Further, when the SEC staff determines a non-GAAP measure is misleading or isn’t consistent with the rules, regulations, and guidance, the expectation is that the measure should be removed in the next filing, whether it’s an earnings release, an annual report, or another public SEC document that the measure would be presented in. There isn’t a transition period for misleading non-GAAP measures.

Prominence of Non-GAAP Measures

Question 102.10(a)(b)(c) addresses how a non-GAAP measure should be presented to avoid giving undue prominence to the non-GAAP measure. It was updated to provide clarity and new information the SEC staff has provided to the public in previous conferences. It was also separated into three different C&DIs for readability.


The updated C&DI clarifies the scope of the undue prominence guidance. A registrant that presents a non-GAAP measure is required to present the most directly comparable GAAP measure with equal or greater prominence. This includes any related discussion and analysis of non-GAAP measures, such as the presentation of tables, charts and graphs that include non-GAAP measures and ratios that contain a non-GAAP measure in the numerator or denominator.

In accordance with Regulation S-K, this requirement applies to non-GAAP measures presented in documents filed with the SEC and earnings releases furnished under Item 2.02 of Form 8-K.

The SEC staff considers the following to be examples of non-GAAP measures more prominent than the comparable GAAP measures:

  • Presenting an income statement of non-GAAP measures
  • Presenting a non-GAAP measure before the most directly comparable GAAP measure or omitting the comparable GAAP measure altogether, including in an earnings release headline or caption that includes a non-GAAP measure
  • Presenting a ratio where a non-GAAP financial measure is the numerator or denominator without also presenting the ratio calculated using the most directly comparable GAAP measure with equal or greater prominence
  • Presenting a non-GAAP measure using a style of presentation—such as bold or larger font—that emphasizes the non-GAAP measure over the comparable GAAP measure
  • Describing a non-GAAP measure as record performance or exceptional without at least an equally prominent descriptive characterization of the comparable GAAP measure
  • Presenting charts, tables, or graphs of a non-GAAP financial measures without presenting charts, tables, or graphs of the comparable GAAP measures with equal or greater prominence
  • Providing discussion and analysis of a non-GAAP measure without a similar discussion and analysis of the comparable GAAP measure in a location with equal or greater prominence

The updated C&DI clarifies that reconciliations required by Regulation G and Item 10(E) of Regulation S-K should always begin with the GAAP measure.

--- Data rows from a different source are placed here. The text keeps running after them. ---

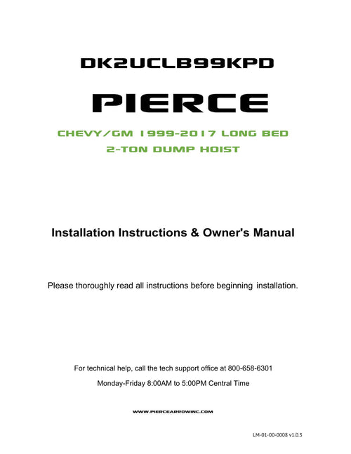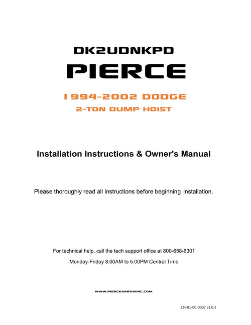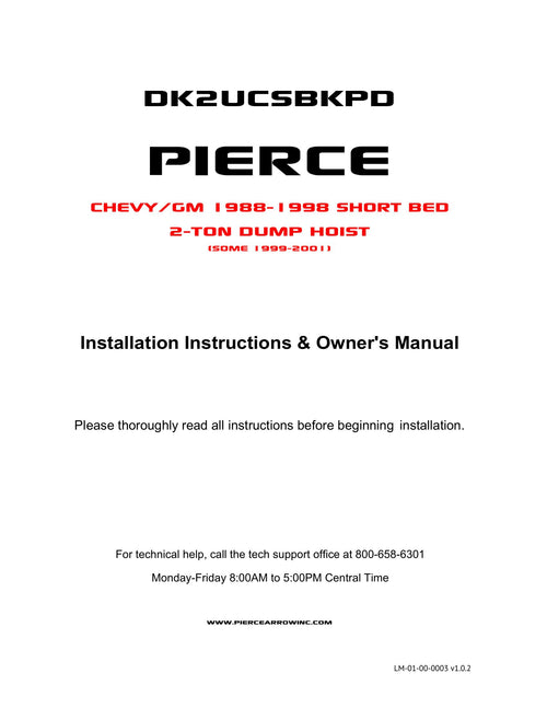 Designed for many year and frame specific Dodge®, Ford®, and Chevy®/GMC® models, our dump hoists allow you to utilize your existing factory bed.  Installation by experienced installers can take 12-16 hours, however, we recommend expecting 16-24 hours for first-timers. Check out this YouTube overview for the PIERCE 2T Dump Bed Kit for step-by-step guidance.  This will give a great overview for you to gauge if this kit matches your skill level, or if you might want to find an installer to assist.
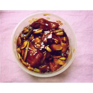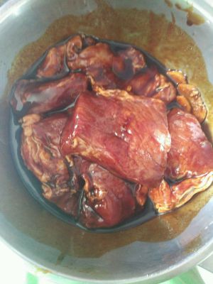 酱汁:红烧酱油两勺、生抽两勺、蚝油一勺、甜味烧烤酱两勺,蜂蜜两勺,白糖半勺,姜片
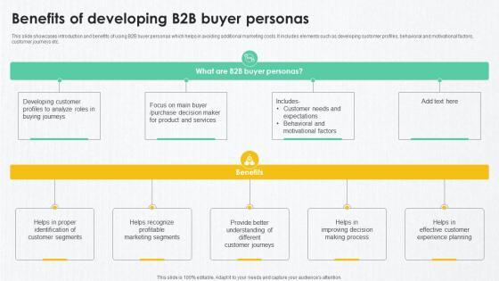 This slide showcases introduction and benefits of using B2B buyer personas which helps in avoiding additional marketing costs. It includes elements such as developing customer profiles, behavioral and motivational factors, customer journeys etc. Slidegeeks is here to make your presentations a breeze with B2B Marketing Techniques Benefits Of Developing B2B Buyer Personas With our easy-to-use and customizable templates, you can focus on delivering your ideas rather than worrying about formatting. With a variety of designs to choose from, you are sure to find one that suits your needs. And with animations and unique photos, illustrations, and fonts, you can make your presentation pop. So whether you are giving a sales pitch or presenting to the board, make sure to check out Slidegeeks first This slide showcases introduction and benefits of using B2B buyer personas which helps in avoiding additional marketing costs. It includes elements such as developing customer profiles, behavioral and motivational factors, customer journeys etc.
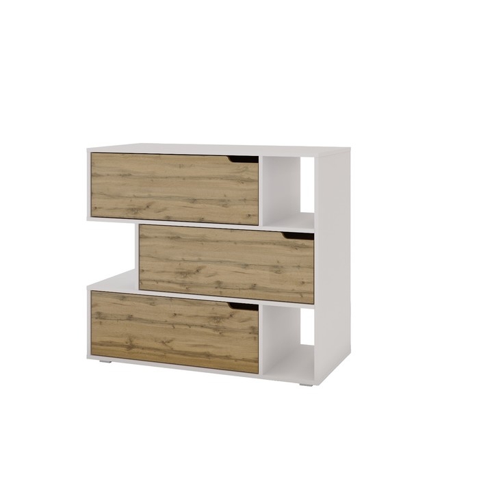 - Тумба доступна в современной и стильной цветовой комбинации "Белый/Дуб вотан". Белый цвет создает чистоту и светлость, а ящики в цвете Дуб вотан, добавляют современный промышленный акцент.
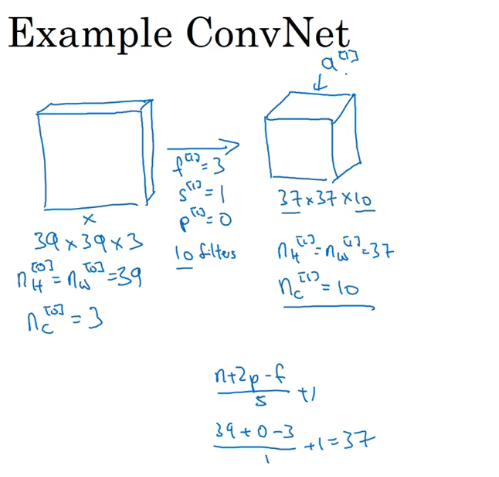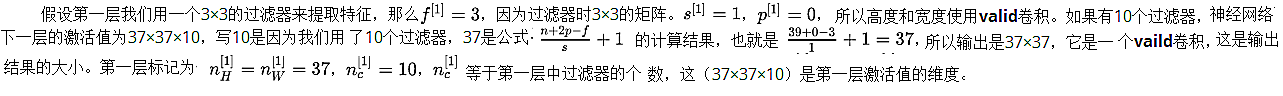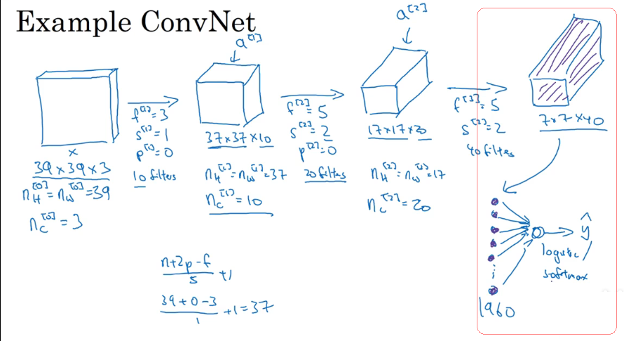 ,计算过程我跳过了,最后输出为7×7×40,假设使用了40个过滤器。padding为0,40个过滤器,最后结果为7×7×40。到此,这张39×39×3的输入图像就处理完毕了,为图片提取了7×7×40个特征。

The SEC staff would consider the following to be examples of reconciliations that give undue prominence to the non-GAAP measure:

  • Starting the reconciliation with a non-GAAP measure
  • Presenting a non-GAAP income statement when reconciling non-GAAP measures to the most directly comparable GAAP measures

Another example offered by the SEC staff is when a registrant excludes the quantitative reconciliation when presenting a forward-looking non-GAAP measure, the measure would be considered more prominent than the comparable GAAP measure if it’s presented without disclosing the registrant’s reliance upon the exception provided by Item 10(e)(1)(i)(B) of Regulation S-K, identifying the information that’s unavailable, and its probable significance in a location of equal or greater prominence.

Non-GAAP Income Statement

The SEC staff has historically considered the presentation of a non-GAAP income statement, alone or as part of the required non-GAAP reconciliation, gives undue prominence to non-GAAP measures.

However, the C&DI was updated to clarify that the SEC staff would consider a non-GAAP income statement to be an income statement comprised of non-GAAP measures that includes all or most of the line items and subtotals found in a GAAP income statement.